- Theatrical release poster
- Directed by: Carlos Sanchez; Jason Sanchez;
- Written by: Carlos Sanchez; Jason Sanchez;
- Produced by: Luc Déry; Kim McCraw;
- Starring: Evan Rachel Wood; Julia Sarah Stone; Denis O'Hare;
- Cinematography: Sara Mishara
- Edited by: Jesse Riviere; Elisabeth Olga Tremblay;
- Music by: Olivier Alary
- Production company: micro_scope
- Distributed by: Les Films Christal
- Release dates: 10 September 2017 (TIFF); 6 April 2018 (Canada);
- Running time: 105 minutes
- Country: Canada
- Language: English

= Allure (2017 film) =

2017 film by Carlos and Jason Sanchez

Allure is a 2017 Canadian thriller film written and directed by Carlos and Jason Sanchez in their feature film debut. It stars Evan Rachel Wood, Julia Sarah Stone, and Denis O'Hare.

It originally premiered under the title A Worthy Companion at the 2017 Toronto International Film Festival. In December, TIFF included the film on its annual Canada's Top Ten list of the ten best Canadian films.

==Plot==
Laura Drake (Evan Rachel Wood) is an emotionally disturbed young woman who works as a house-cleaner for her father's company in an urban environment. One day, Laura meets an unhappy teenager named Eva (Julia Sarah Stone) while on the job. The pair form an unexpected connection, and Laura eventually convinces Eva to leave her oppressive mother and move in with her. Though the relationship initially works, Laura's anxiety soon makes her abusive and controlling, creating an unstable bond between the two women.

==Reception==
In November 2016, The Hollywood Reporter announced that Carlos and Jason Sanchez had cast Julia Sarah Stone in the film, opposite Evan Rachel Wood. The film would follow an emotionally troubled 30-year-old woman named Laura who falls in love with Stone's teenage character Eva, convincing Eva to live with her. The narrative would explore mental trauma, manipulation of a minor, and explicit sexual themes. An early review from the Toronto International Film Festival called the tale "a psychological thriller that focuses on a disturbing and obsessive relationship."

Stone labeled it a dark but necessary story, and revealed that she'd enjoyed working with Wood. "This is an incredible, intense, important story and I'm lucky to have been part of telling it," she said. Allure marked the third in a series of Stone's films (following Wet Bum and Weirdos) to premiere at a Toronto International Film Festival.

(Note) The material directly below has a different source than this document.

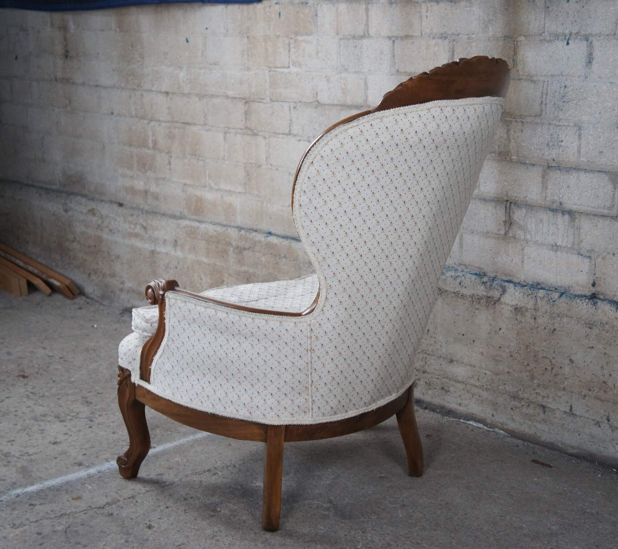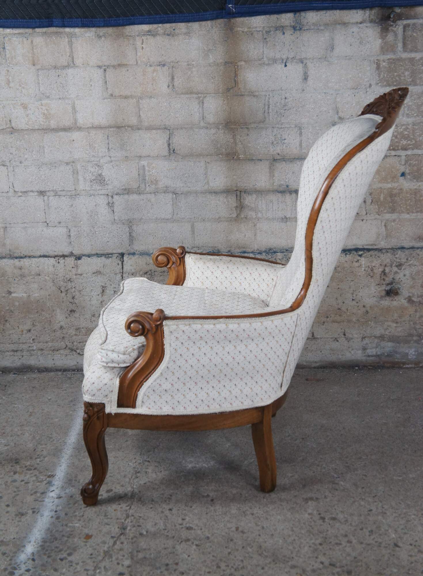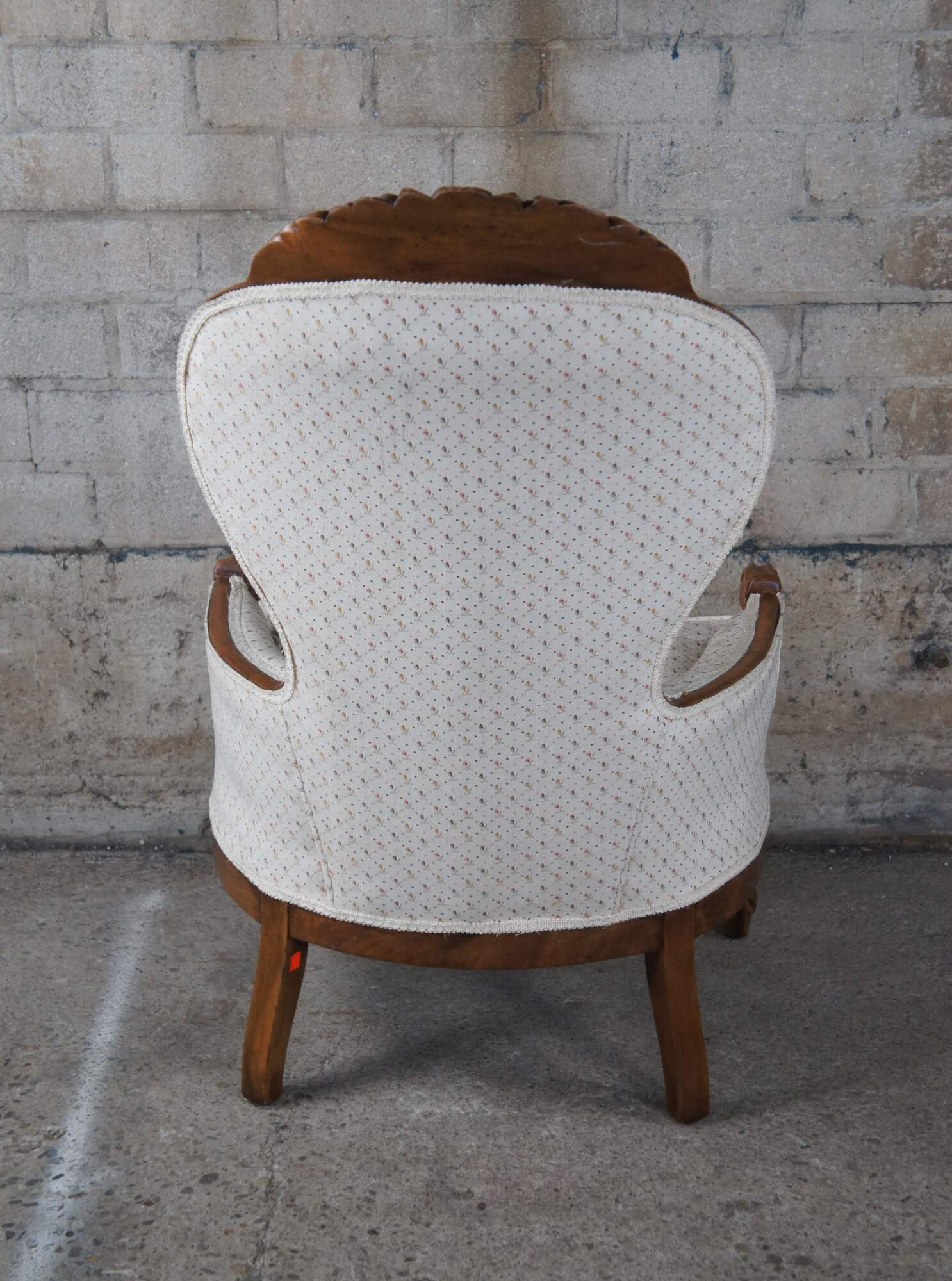 Antique Victorian Eastlake spoon back armchair. Made of walnut featuring serpentine form with low relief carved floral crown, tufted back, scrolled arms and cabriole legs.

On review aggregator website Rotten Tomatoes, the film holds an approval rating of 46% based on 28 reviews, and an average rating of 5.88/10. The website's critical consensus reads, "Allure has visual style and an intriguing Evan Rachel Wood on its side, but a clumsily told story leaves this sexually charged thriller less than the sum of its parts." On Metacritic, the film has a weighted average score of 54 out of 100, based on 11 critics, indicating "mixed or average reviews".

The Sanchez brothers received a nomination for the Directors Guild of Canada's DGC Discovery Award.